| WHAT TO PRODUCE |
Leave the pictures out. Retype exactly the lines below from the one containing "Engraved 3 Jar" through the one containing "Độc quyền hoàn", and no others.

| MATERIAL TO PROCESS |
-=-=-=-=-

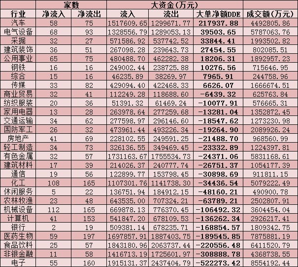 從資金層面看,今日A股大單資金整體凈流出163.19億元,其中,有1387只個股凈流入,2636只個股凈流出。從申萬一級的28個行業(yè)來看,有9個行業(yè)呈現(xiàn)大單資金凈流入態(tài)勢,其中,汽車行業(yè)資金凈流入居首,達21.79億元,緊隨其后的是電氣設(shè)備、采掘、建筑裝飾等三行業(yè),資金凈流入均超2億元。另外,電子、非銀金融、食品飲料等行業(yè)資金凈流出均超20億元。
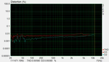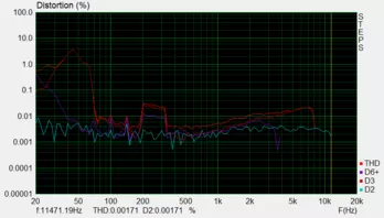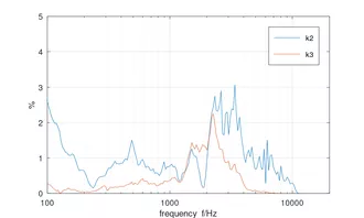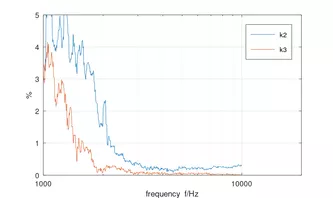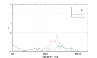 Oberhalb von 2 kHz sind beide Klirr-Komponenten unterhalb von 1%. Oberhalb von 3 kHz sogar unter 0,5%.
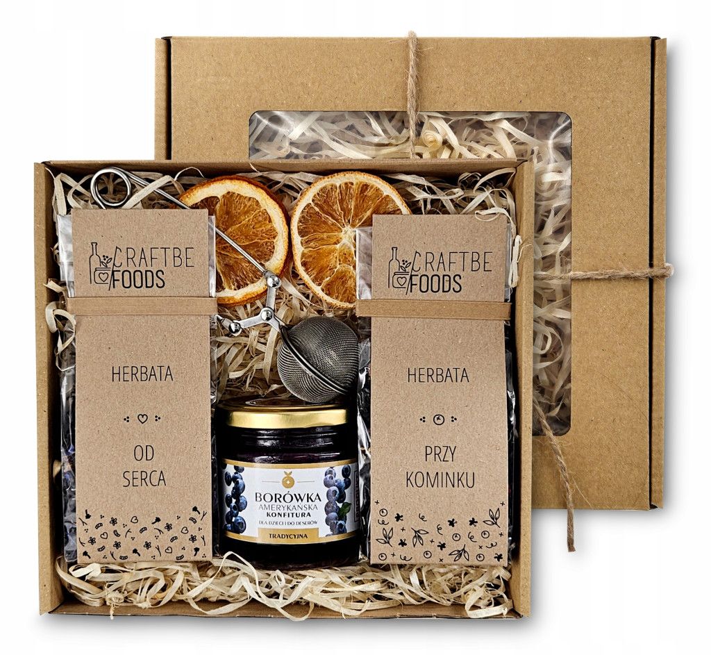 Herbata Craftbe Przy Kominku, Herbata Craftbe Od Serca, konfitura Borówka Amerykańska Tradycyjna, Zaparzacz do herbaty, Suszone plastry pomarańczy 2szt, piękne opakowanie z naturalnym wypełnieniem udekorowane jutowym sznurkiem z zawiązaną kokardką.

-=-=-=-=-

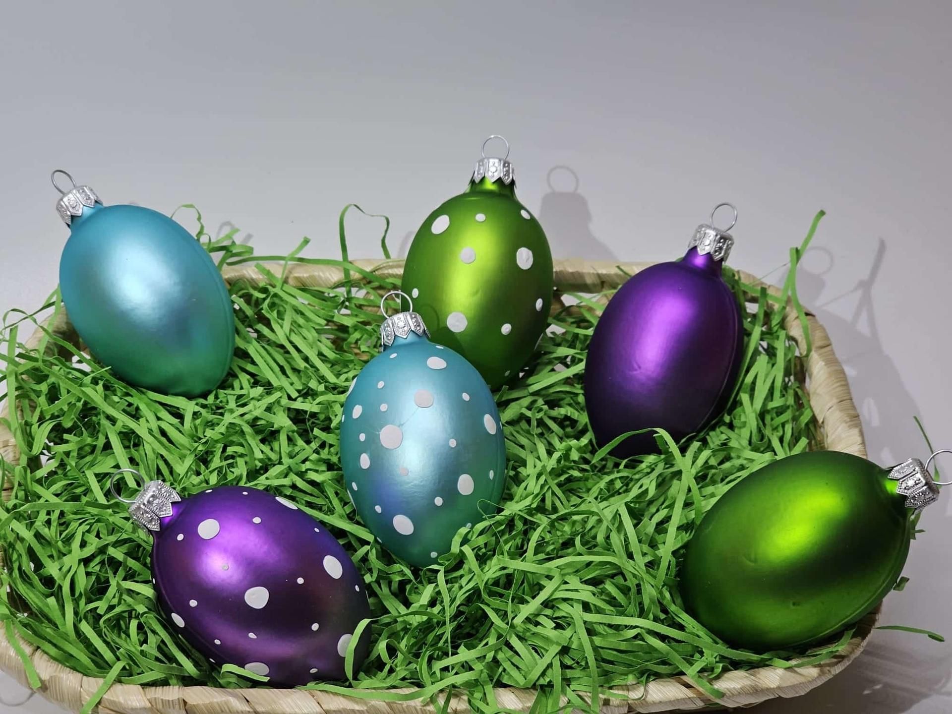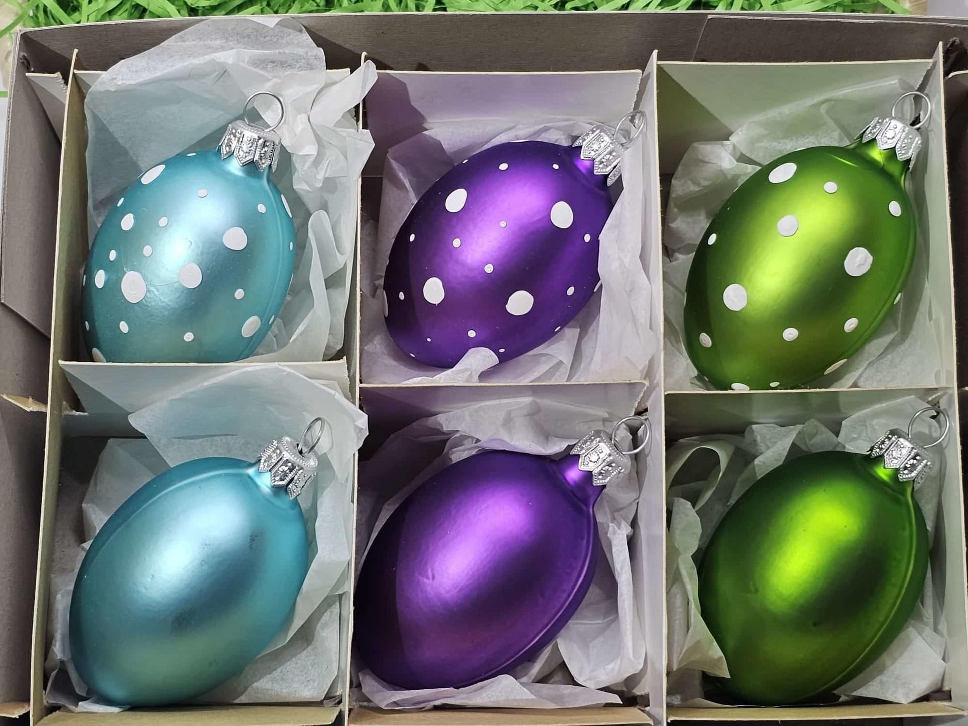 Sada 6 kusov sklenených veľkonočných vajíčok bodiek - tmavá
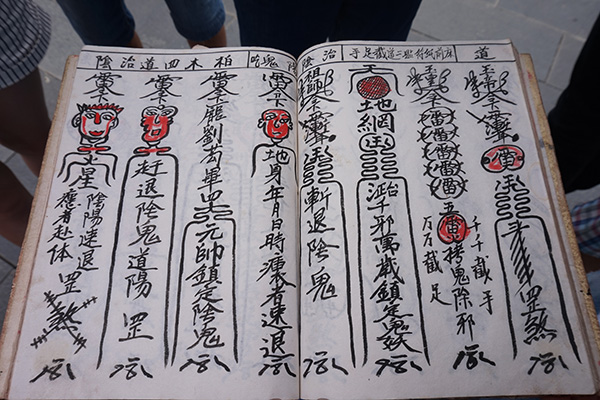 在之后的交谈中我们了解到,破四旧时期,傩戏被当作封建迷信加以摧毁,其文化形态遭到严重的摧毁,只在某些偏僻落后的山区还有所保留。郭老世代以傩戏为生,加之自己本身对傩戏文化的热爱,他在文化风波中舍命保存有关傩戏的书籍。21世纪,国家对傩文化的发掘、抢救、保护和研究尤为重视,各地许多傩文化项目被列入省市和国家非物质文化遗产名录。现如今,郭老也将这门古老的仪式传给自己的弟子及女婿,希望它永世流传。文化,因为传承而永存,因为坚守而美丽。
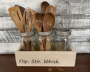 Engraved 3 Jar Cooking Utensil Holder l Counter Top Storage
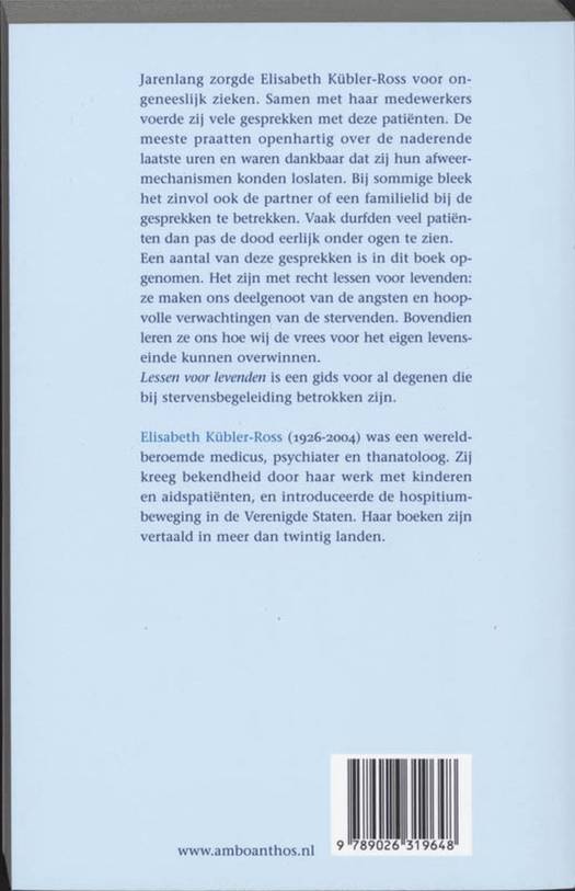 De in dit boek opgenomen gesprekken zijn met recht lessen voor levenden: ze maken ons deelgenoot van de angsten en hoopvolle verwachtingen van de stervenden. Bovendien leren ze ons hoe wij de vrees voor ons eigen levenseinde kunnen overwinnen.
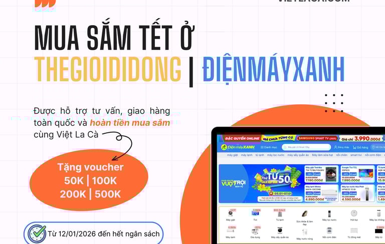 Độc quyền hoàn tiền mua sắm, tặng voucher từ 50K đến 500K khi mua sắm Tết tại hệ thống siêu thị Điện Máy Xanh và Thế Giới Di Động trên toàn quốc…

-=-=-=-=-

| ANSWER TO THE PROBLEM |
 Engraved 3 Jar Cooking Utensil Holder l Counter Top Storage
 De in dit boek opgenomen gesprekken zijn met recht lessen voor levenden: ze maken ons deelgenoot van de angsten en hoopvolle verwachtingen van de stervenden. Bovendien leren ze ons hoe wij de vrees voor ons eigen levenseinde kunnen overwinnen.
 Độc quyền hoàn tiền mua sắm, tặng voucher từ 50K đến 500K khi mua sắm Tết tại hệ thống siêu thị Điện Máy Xanh và Thế Giới Di Động trên toàn quốc…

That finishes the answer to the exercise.